Rachel rose at his entrance and advanced. As she faced him, her eyes eager, her whole countenance moved and softened by the emotion she had been experiencing, Marillier was almost taken aback by her extraordinary beauty. He stood awkwardly, the hunch of his shoulders accentuated by his hesitation, his strong face reflecting both sides of his nature, the human and the professional. He had been deeply interested in the Pacha's case. His brain was working out theories; he was weighing the forces of disease and life with which he had to deal. For the moment he had forgotten everything else, and the sight of Rachel, setting into vibration chords in him, of which he had hardly suspected the existence, was unexpectedly disturbing.

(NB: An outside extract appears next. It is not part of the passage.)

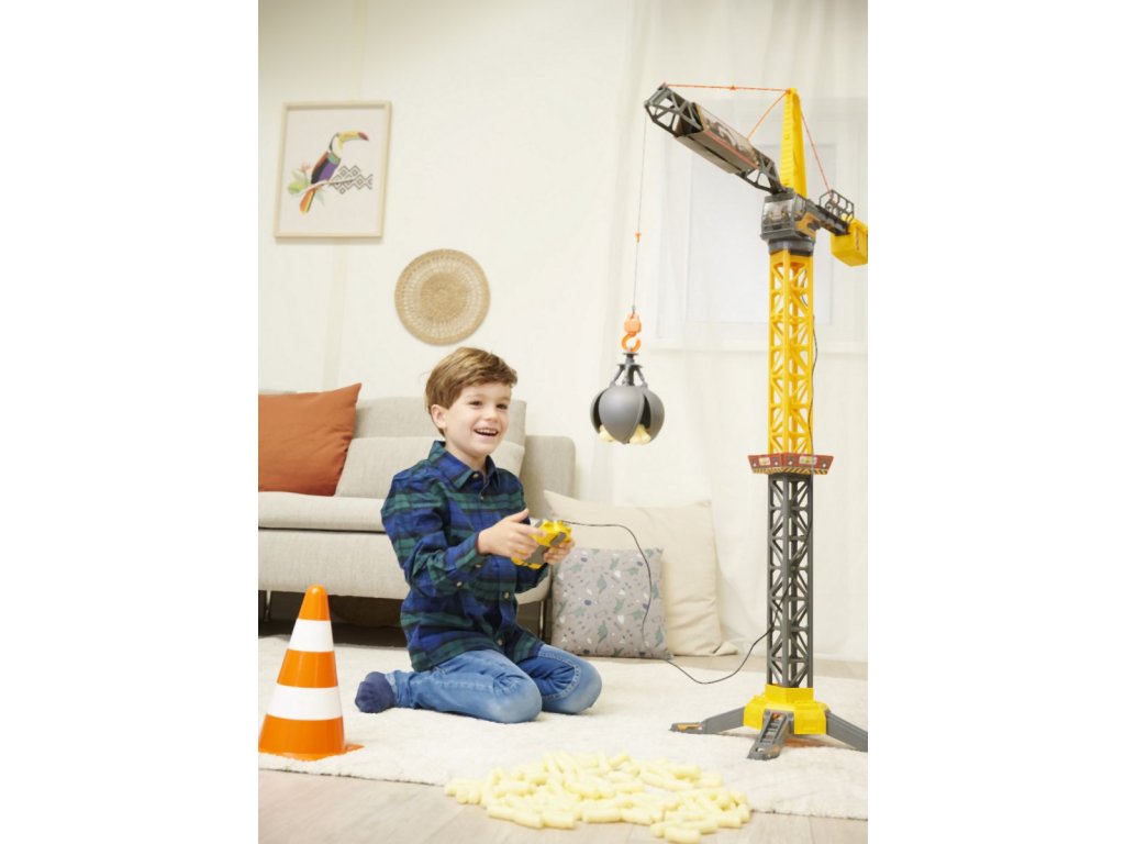 Jeřáb na kabelové ovládání (vpravo, vlevo, nahoru, dolů). Otáčí se o 360 stupňů, demoliční koule a doplňky. Barva černá/žlutá. Výška jeřábu je 110 cm.

'Doctor Marillier, she said, with her air of timid self-possession--of withdrawal into her own sanctuary which was so marked when she spoke to a stranger, 'Ruel Bey said you would be kind enough to tell me exactly what you think of the Pacha's condition.'

She held out her hand, not waiting for him to answer. 'Though I did not speak to you, I think we have seen each other before,' she went on. 'I am Rachel Isàdas; of course you know.'

'Yes,' he replied, it seemed to him mechanically. 'Of course I know.'

'And you were at the Pacha's last ball?' she said.

'Yes.'

He remembered her well, and the indefinable attraction she had even then had for him--the curious pity that he had felt, and his vague wonder about her; for it had struck him as strange that she should be at once, so near to the Pacha and yet outside the state and ceremony with which on this occasion he was surrounded. There were no other ladies belonging to the Abarian Embassy, for none of the secretaries were married. She was a comparatively new arrival on the scene, it being her first season in London, thus the fact of her isolation, so apparent to him, might not have impressed the casual crowd. He recalled the scene--the great gilded ballroom, with mirrors at intervals along the walls, reflecting back the lights and diamonds, the forms and faces, all the throng of beautifully-dressed women and of men in uniform with ribbons and orders on their breasts. The Pacha had stood just outside the doorway, above which was a great emblazoned shield with the Star of the Empire and a motto in the pictorial Abarian character, receiving his guests as they came and passed through to the ballroom. The Pacha's breast glittered with many decorations; in truth he was the most picturesque and striking figure present. It seemed almost by design that he was so stationed as not to admit of another person between himself and the door, and the people entering, might not at first have noticed the tall slender girl a pace within, who stood behind the Pacha, and who looked, as Marillier had put it to himself, like an angel dropped down from heaven.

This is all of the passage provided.